● RECORDED INFORMATION

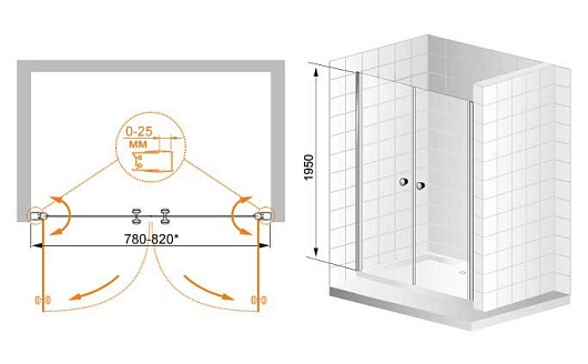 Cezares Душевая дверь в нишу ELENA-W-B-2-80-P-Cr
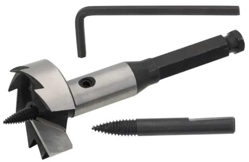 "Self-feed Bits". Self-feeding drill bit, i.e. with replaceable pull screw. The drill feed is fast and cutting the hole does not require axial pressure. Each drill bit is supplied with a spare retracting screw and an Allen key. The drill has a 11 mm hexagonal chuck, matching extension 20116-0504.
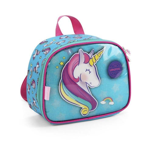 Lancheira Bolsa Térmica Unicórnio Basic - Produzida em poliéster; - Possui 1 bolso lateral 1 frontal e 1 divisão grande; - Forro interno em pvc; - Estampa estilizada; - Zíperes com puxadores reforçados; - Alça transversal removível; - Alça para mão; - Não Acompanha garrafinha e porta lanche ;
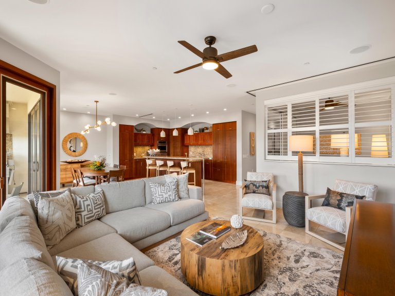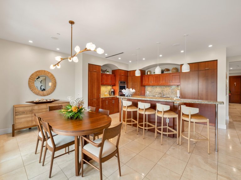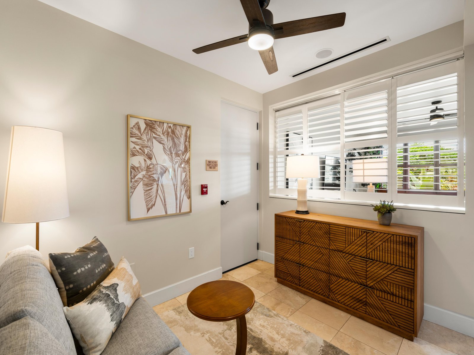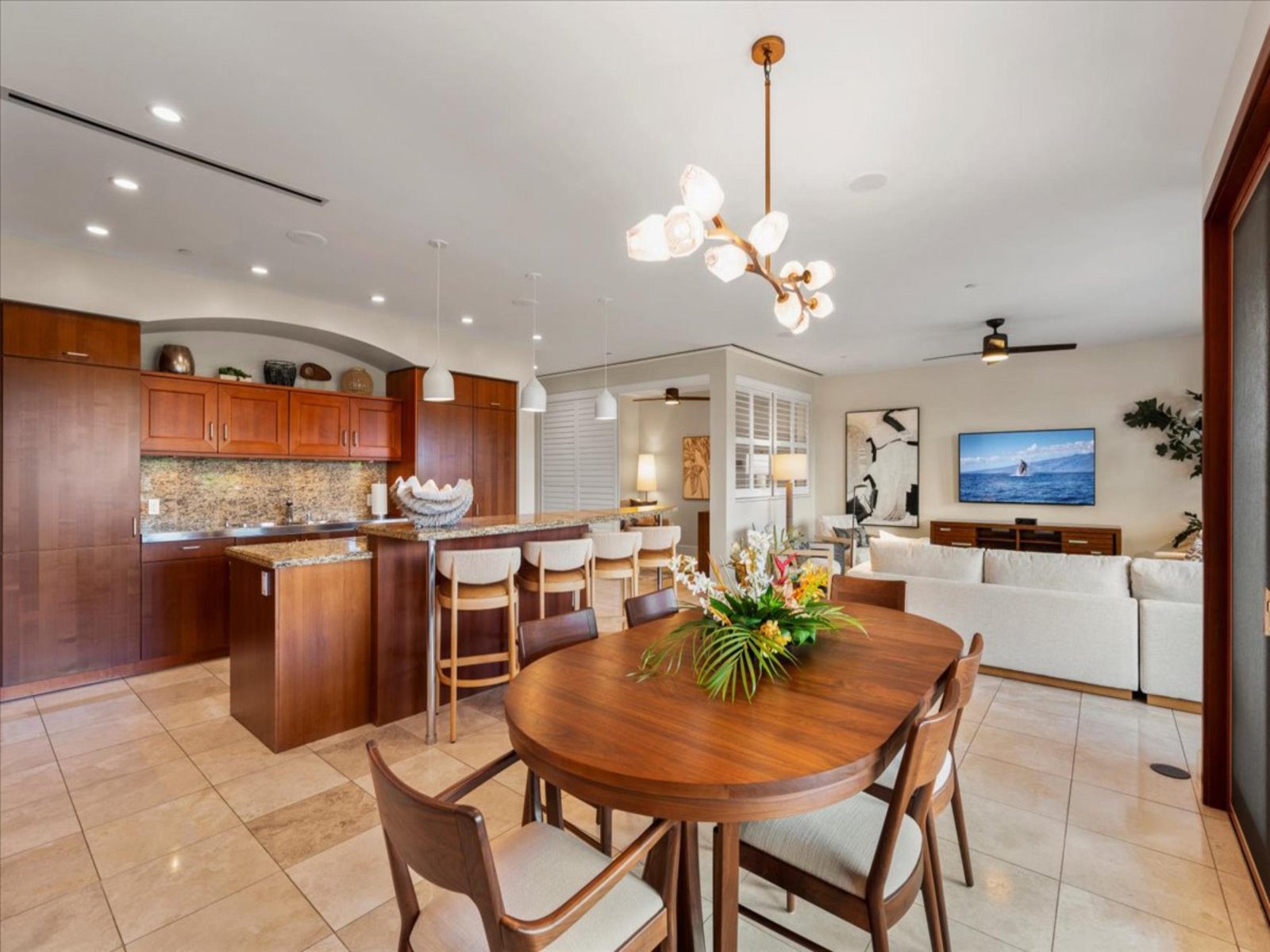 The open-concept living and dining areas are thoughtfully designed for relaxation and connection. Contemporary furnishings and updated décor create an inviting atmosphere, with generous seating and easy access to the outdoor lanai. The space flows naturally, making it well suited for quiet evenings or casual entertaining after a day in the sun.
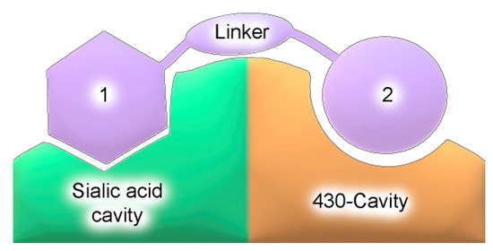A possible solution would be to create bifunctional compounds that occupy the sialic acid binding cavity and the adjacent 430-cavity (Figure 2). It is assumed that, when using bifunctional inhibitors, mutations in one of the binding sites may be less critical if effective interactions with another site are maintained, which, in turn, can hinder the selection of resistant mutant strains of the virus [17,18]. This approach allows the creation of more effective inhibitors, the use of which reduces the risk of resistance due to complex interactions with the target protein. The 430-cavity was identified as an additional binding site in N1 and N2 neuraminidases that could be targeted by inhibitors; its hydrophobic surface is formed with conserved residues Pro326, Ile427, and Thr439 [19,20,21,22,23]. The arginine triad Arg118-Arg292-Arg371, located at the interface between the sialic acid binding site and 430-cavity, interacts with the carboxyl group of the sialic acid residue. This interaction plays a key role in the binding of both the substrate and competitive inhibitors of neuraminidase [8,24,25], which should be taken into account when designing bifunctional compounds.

● WORK ORDER
Above are the records; set down exactly the lines from the line containing "The open-concept living" through their last line, leaving every picture out.

● TASK ANSWER
 The open-concept living and dining areas are thoughtfully designed for relaxation and connection. Contemporary furnishings and updated décor create an inviting atmosphere, with generous seating and easy access to the outdoor lanai. The space flows naturally, making it well suited for quiet evenings or casual entertaining after a day in the sun.
A possible solution would be to create bifunctional compounds that occupy the sialic acid binding cavity and the adjacent 430-cavity (Figure 2). It is assumed that, when using bifunctional inhibitors, mutations in one of the binding sites may be less critical if effective interactions with another site are maintained, which, in turn, can hinder the selection of resistant mutant strains of the virus [17,18]. This approach allows the creation of more effective inhibitors, the use of which reduces the risk of resistance due to complex interactions with the target protein. The 430-cavity was identified as an additional binding site in N1 and N2 neuraminidases that could be targeted by inhibitors; its hydrophobic surface is formed with conserved residues Pro326, Ile427, and Thr439 [19,20,21,22,23]. The arginine triad Arg118-Arg292-Arg371, located at the interface between the sialic acid binding site and 430-cavity, interacts with the carboxyl group of the sialic acid residue. This interaction plays a key role in the binding of both the substrate and competitive inhibitors of neuraminidase [8,24,25], which should be taken into account when designing bifunctional compounds.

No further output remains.